I was in fourth grade when The Blair Witch Project came out. I begged and begged and begged my Father to let me watch it for weeks on end. The trailers had me caught up in the movie and I hadn’t even seen it yet. Finally, he sat down and watched the VHS version my older sister had bought. After mulling it over with my Mother, he decided I could watch it. The only problem was, I was young and feeble-minded – I believed the trailer a thousand percent. So at the end of the movie, I thought that it was actual footage of actual people with an ACTUAL witch after them. I was scared to sleep for weeks after that. It wasn’t until I made the offhand comment that I thought it was real that my Dad, trying not to piss himself, I’m sure, explained to me that the trailer was a device to make it seem scarier and that in the end, The Blair Witch Project was no more real than Small Soldiers. And from that moment on, I loved what scary movies did to me.
And now, for the UFC introduction (read like Bruce Banner): Stemming from the bowels of film school (laugh away, Tarantino – I’m an editor/colorist) comes the 6’4” juggernaut, a ginger-Norwegian they call Chris Johnson. In a way, he is everything a Macabre Brother should be: freakishly tall, with red hair, a red beard and the gangliness of a 6-month-old Great Dane. But the freak is the better half of the Macabre Brothers (sorry Phil), a Denver native who actually has a professional background in film. As a student of color and editing, Chris seeks to find the meaning in every edit and colorization choice in a film. When edits go awry, the juggernaut gets angry, so let the good times begin!

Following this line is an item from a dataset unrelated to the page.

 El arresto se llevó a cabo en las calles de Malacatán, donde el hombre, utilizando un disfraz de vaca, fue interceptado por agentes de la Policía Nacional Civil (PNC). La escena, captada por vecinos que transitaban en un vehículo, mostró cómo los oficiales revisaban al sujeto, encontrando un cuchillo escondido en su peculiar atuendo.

I was a bizarre little kid, and I blame much of it on a penchant for horror films. My obsession started the summer after fifth grade, when I watched Stanley Kubrick’s The Shining just a few weeks after finishing the novel. (Yep, I was that kid – reading Stephen King when everyone else was content with “Goosebumps.”) Bad idea, 10-year-old me: The film scared the hell out of me, and to make things worse, I’d been to the hotel in Estes Park where King drew inspiration. But even if I hadn’t, the whole experience felt incredibly real – much more so than anything I’d seen to that point. Even today, the film is unnerving.

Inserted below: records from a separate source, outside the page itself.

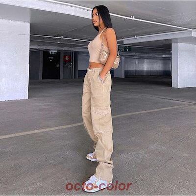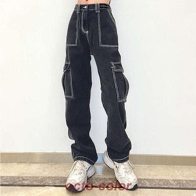 カーゴパンツ レディース ワイドパンツ ルーズ 春 秋 デニム デニムパンツ カジュアル ゆるっと ゆったり おしゃれ ワークパンツ チノパンツ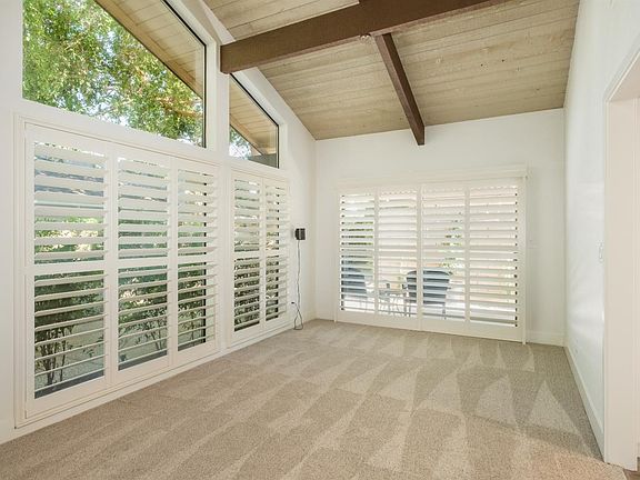 Feel like you're stepping into Pottery Barn/Restoration Hardware! This owner of less than two years has completely remodeled this lovely 2 bedroom/2 bath home in gate El Adobe development in NW Fresno and is now relocating out of the area. Upon entering through the gorgeous new front door, be wowed when you step in to this single level home with high end vinyl flooring, high ceilings, floor/ceiling adobe fireplace in Living Room with an accent wall of paneling to match the trendy new doors, casing, trim, baseboards, plantation shutters, recessed lighting! Amazing open and airy kitchen with honed black granite counters, KW Woodworks new drawer boxes, doors & hardware, new stainless slink & Kitchen Aid Hood. New high end carpeting in LR DR & bedrooms w/thick pad, new thermostat, receptacles, switches, fans & hardware! No stone left unturned here! AC unit appx three years new. Newer adobe wall on side patio enhanced with party lights & lovely pots with drip irrigation. The Association has granted permission for two segments of the back block wall of this property be removed if one would like to enjoy the lush grounds of Oso de Oro Park. The Association will also be removing the large tree at the back, as it's raising the walkway. Lush Grounds @ El Adobe including meandering paths to the large Clubhouse with gym, pool, spa and tennis courts conveniently located across from this home w/extra guest parking! Private & secluded!!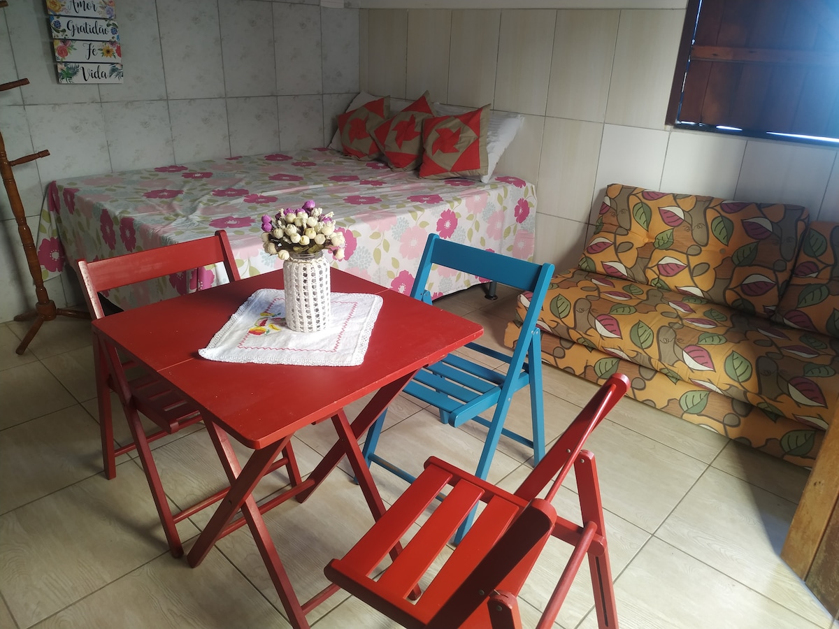 Encanto de Jauá je studio, poměrně větrané, ve druhém patře, s velkým balkonem s výhledem na Jauá Lagoon, má mezipatro pro spaní (dvojitá matrace), stejně jako dvě rozkládací pohovky a body pro dvě vnitřní a dvě venkovní houpací sítě. Nachází se 200 metrů od pláže.

Anyway, it’s easy to say this as a relatively normal adult, but I’m glad I grew up strange. It fueled a passion for unorthodox films and literature, both of which I’m hopelessly addicted to more than a decade later. My day job as a newspaper journalist in Vail pays the bills – not to mention subsidizes my other obsession, snowboarding – and a project like the Macabre Brothers is a chance to collaborate with fellow film buffs like Chris. Why horror, then? In a way, even awful B-movies tap into the same well of terror and glee I felt that summer, when I willfully scared myself just to know what was at the end of a dark hallway. Some things never change, and I’m sure as hell not going to squelch that curiosity now. As Chris says, let the good times begin.